Data:
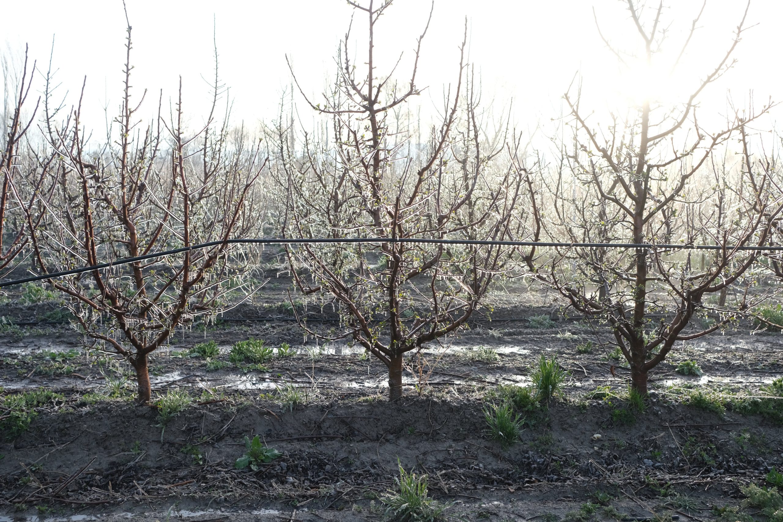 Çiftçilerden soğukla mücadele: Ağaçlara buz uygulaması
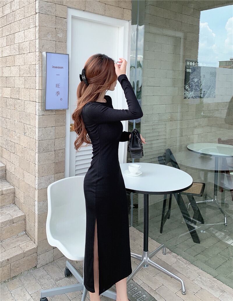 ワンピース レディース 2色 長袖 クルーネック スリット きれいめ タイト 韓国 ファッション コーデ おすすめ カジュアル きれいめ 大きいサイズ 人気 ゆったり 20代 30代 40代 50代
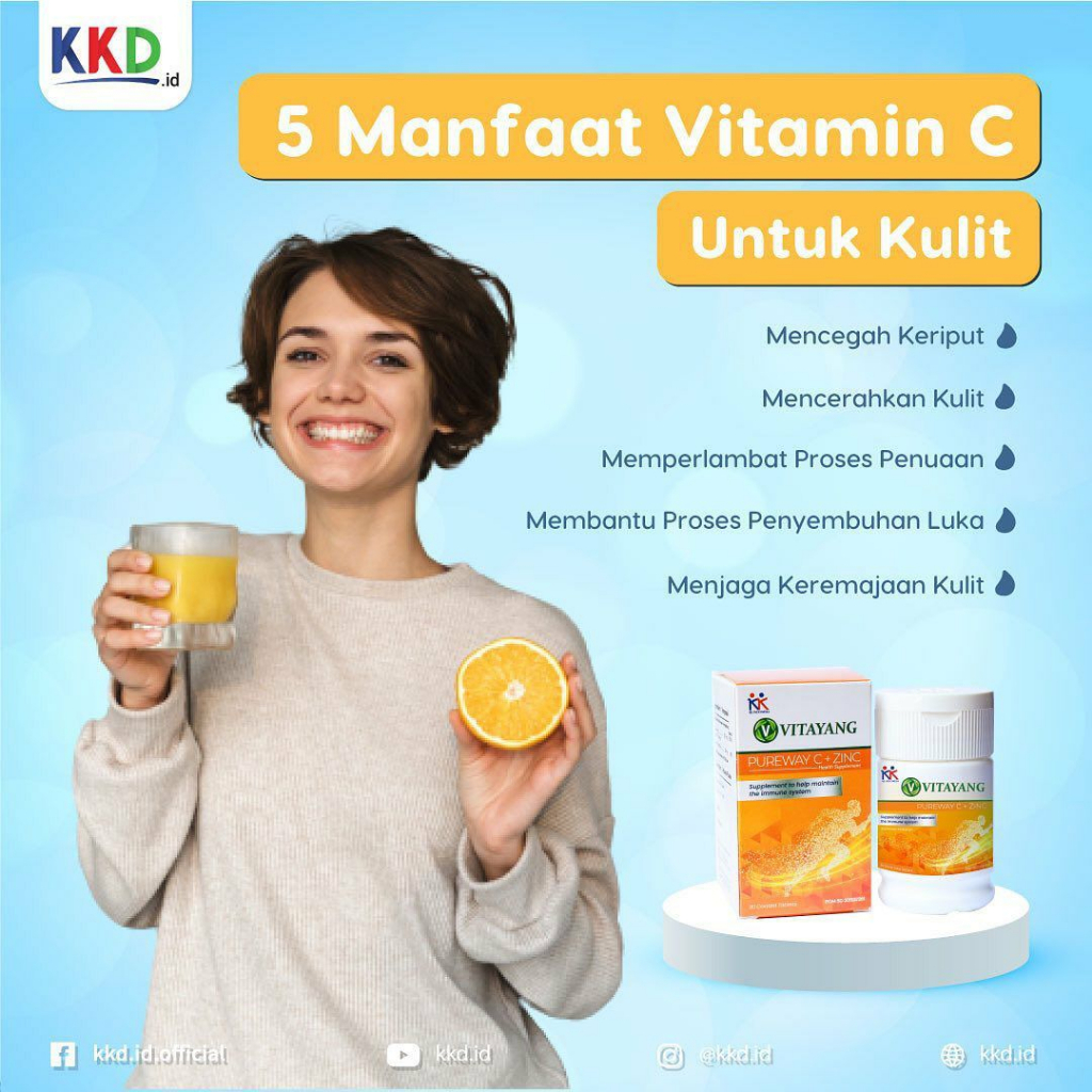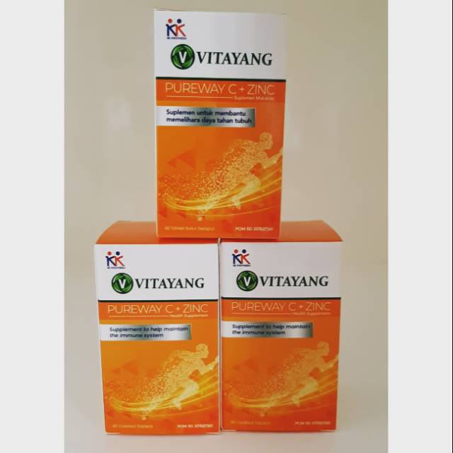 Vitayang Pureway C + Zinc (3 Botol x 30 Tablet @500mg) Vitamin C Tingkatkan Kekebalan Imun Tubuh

What this task involves: Exact repetition of the material above is required, with the images removed.

Result for this exercise:
 Çiftçilerden soğukla mücadele: Ağaçlara buz uygulaması
 ワンピース レディース 2色 長袖 クルーネック スリット きれいめ タイト 韓国 ファッション コーデ おすすめ カジュアル きれいめ 大きいサイズ 人気 ゆったり 20代 30代 40代 50代
 Vitayang Pureway C + Zinc (3 Botol x 30 Tablet @500mg) Vitamin C Tingkatkan Kekebalan Imun Tubuh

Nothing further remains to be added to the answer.